Available ranking methods: power_alpha, additive, harmonic, diff_mean, frequency, magnitude
Computes the difference of mean activations between target and contrastive samples.
from pipeline.steering_vector_creation import create_steering_vector_baseline
create_steering_vector_baseline(
target_concept='joy',
activation_path=ACTIVATION_STORE / 'google--gemma-2-9b-it' / 'goemotions',
model_name='google/gemma-2-9b-it',
layer=31,
)Output: STEERING_VECTOR_STORE/<model>/layer_<n>/baseline/<concept>.pkl
To compare all ranking mechanisms and inspect which latents each method surfaces, use create_latent_ranking_analysis. Unlike create_steering_vector, this runs all ranking methods over a full alpha sweep and saves detailed per-latent information for downstream analysis in notebooks/latent_ranking.ipynb.
from pipeline.steering_vector_creation import create_latent_ranking_analysis
create_latent_ranking_analysis(
target_concept='joy',
activation_path=SAE_ACTIVATION_STORE / 'google--gemma-2-9b-it' / 'goemotions',
sae_model=sae,
model_name='google/gemma-2-9b-it',
layer=31,
alphas_sweep=[0.01, 0.1, 0.5, 1.0, 2.0, 5.0, 10.0, 20.0],
ranking_methods=['power_alpha', 'additive', 'harmonic', 'diff_mean', 'frequency', 'magnitude'],
llm_model='gpt-4o',
)Output: RANKING_ANALYSIS_STORE/<model>/layer_<n>/concept_<concept>_analysis.pkl
Injects a steering vector into a specified layer during inference and generates completions for a set of prompts.

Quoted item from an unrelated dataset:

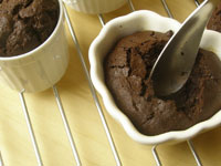 7.ハートのラムカンに生地を七分目まで入れます。170度のオーブンで15〜18分で焼き上がります。熱々のところをスプーンですくっていただいて良いですね。またしっかり冷やしバニラアイスを添えていただいても、とても美味しくいただけます。

from pipeline.generation import run_experiment
run_experiment(
model_name='google/gemma-2-9b-it',
sv_path='path/to/joy.pkl',
prompt_path=EVAL_PROMPT_STORE / 'subjective_prompts.csv',
layer_idx=31,
alpha=200.0,
experiment_name='gemma/goemo/sae_logits/joy',
device='cuda:0',
)Output: GENERATION_STORE/<experiment_name>/<model>__layer_<n>__alpha_<a>.pkl
Evaluates generated completions on two axes:
- Emotion scores — via
j-hartmann/emotion-english-distilroberta-base(Huggingface Repo) - Fluency score — via an LLM judge (Gemma 3 12B) on a 0–2 scale (similar to AxBench)

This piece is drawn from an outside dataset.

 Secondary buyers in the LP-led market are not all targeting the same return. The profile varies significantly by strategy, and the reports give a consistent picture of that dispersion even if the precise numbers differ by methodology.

from pipeline.evaluation import evaluate_emotions, evaluate_fluency_llm_judge
evaluate_emotions(pickle_path='path/to/completions.pkl', device_map='cuda:0')
evaluate_fluency_llm_judge(
pickle_path='path/to/completions.pkl',
model=model,
processor=processor,
)Results are written back to the same .pkl file as new columns emotion_scores and fluency_score.